Title: Busman’s
Honeymoon
Author: Dorothy Sayers
Date: 1937
Publisher: Harper & Row
ISBN: 0-06-080823-3
Length: 370 pages
Quote: “Peter Wimsey is married—yes, actually married—to that extraordinary young
woman...Peter must be forty-five if he’s a day.”
A “busman’s holiday” was a leisure trip in the
bus. In this volume of their adventures Lord and Lady Peter Wimsey find
themselves solving a murder mystery on their honeymoon.
Sayers had already explained the rule under which,
upon marriage to Lord Peter, Harriet Vane acquired the title “Lady Peter”

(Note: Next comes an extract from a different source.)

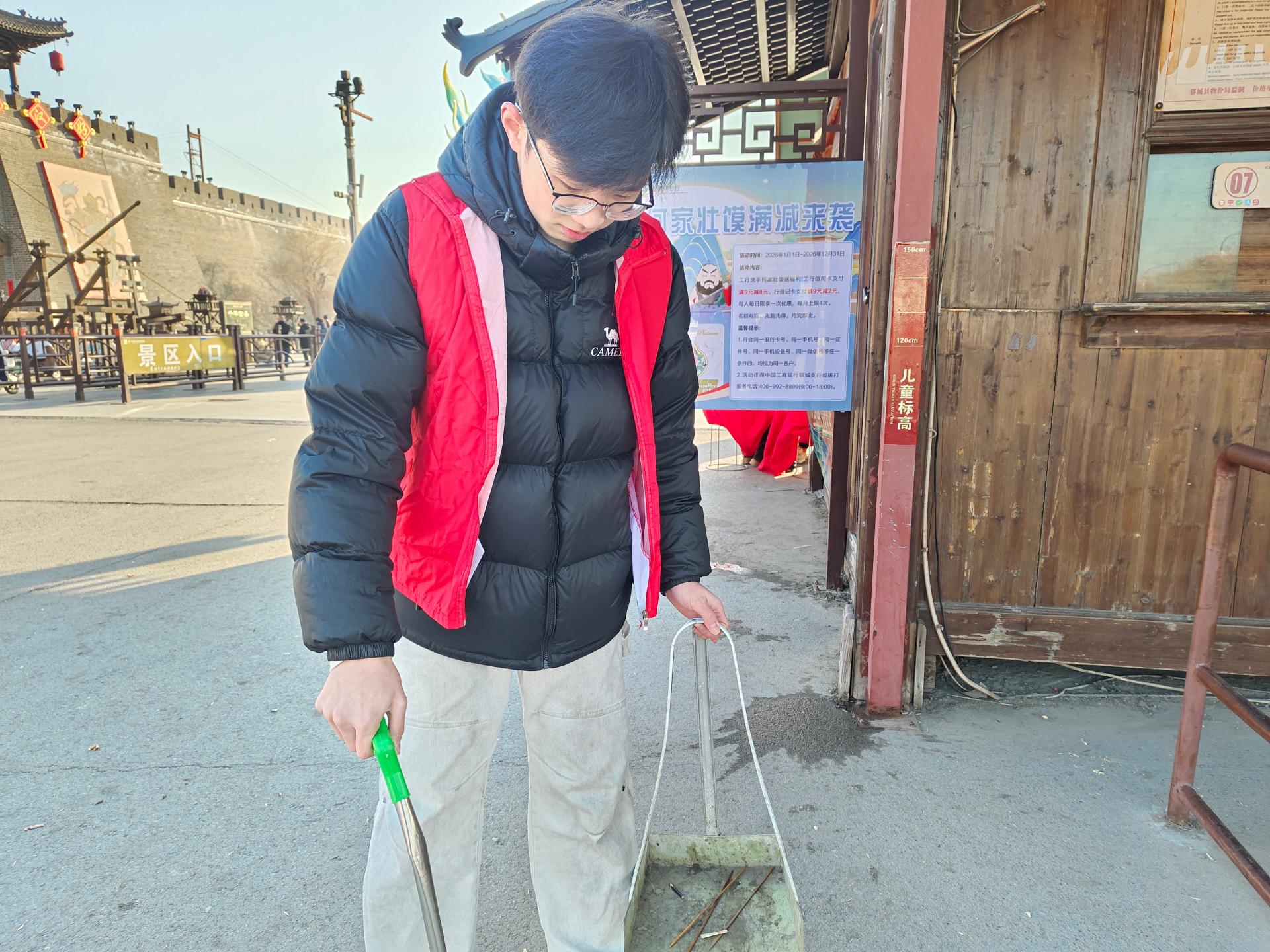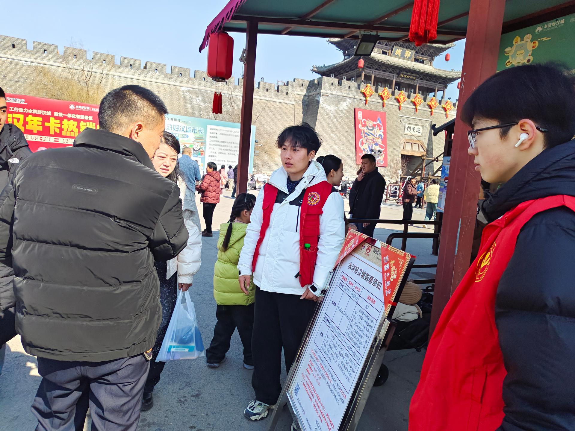 郓城县尚德志愿者协会带领尚德志大学生志愿服务队走进水浒好汉城免费为游客扫码购票、维持秩序、指挥规范停车、拾捡垃圾等志愿服务。

rather than, more logically, Lady Harriet. Possibly the off-putting sound of
this title has something to do with the fact that she remains plain Harriet to
herself and her friends.
Anyway, she’d helped Lord Peter solve a few other
cases since he proved her innocent of the murder of her ex-boyfriend, and now
they’re full partners in crime—solving them, that is. Those who’ve found
Partners-for-Life will appreciate this fictional rendition of something rare
and wonderful. This couple’s passion for each other is matched only by their
passion for solving murder mysteries. If it makes them the most eccentric
aristocrats in England, it may make them the happiest. The joy they feel at
this time in their lives would probably have sustained them if their first
detective adventure as a married couple had involved gruesome murders, but,
perhaps out of compassion for readers, Sayers gives them a case distinguished
by its cleanness.
Sayers, a Christian, never gave Lord Peter Wimsey
the emotional comfort of religion. (He’s had a Christian education, has
clergymen as friends, and goes around quoting Christian literature, but he lost
any faith in a “personal” God in the trenches in the 1914 war.) In her mind the
only really religious, as distinct from cultural, Christian element in her
detective stories was that she refused to “cheapen life” by inventing unlovable
stick figures who exist only to be murdered. In her novels Lord Peter’s
whimsical mind, always dredging up quotes and fun facts, always guarantees a
Comedy element; his empathy for the victims always guarantees a Tragedy
element; and his relationship with unaccountably coy Harriet—who didn’t want to
be accused of marrying him for his money, but in this volume we learn that her
ex-boyfriend had also conditioned her not to like sex—added a Romance.
We have
here, therefore, a Tragedy, a Comedy, a Romance, and a Mystery, all in one
volume, and the last thing Sayers would have wanted was for anyone to mistake
this four-genre triumph for a Christian Novel as well. She thought of her
detective stories as potboilers that subsidized the relatively smaller stack of
religious writing she found time to do. Nevertheless she worked them out with
all the joy of duty and pleasure that she described in The Mind of the Maker, and that she gives to Peter and Harriet—and
it shows. If you like novels at all, you just about have to like Busman’s Honeymoon.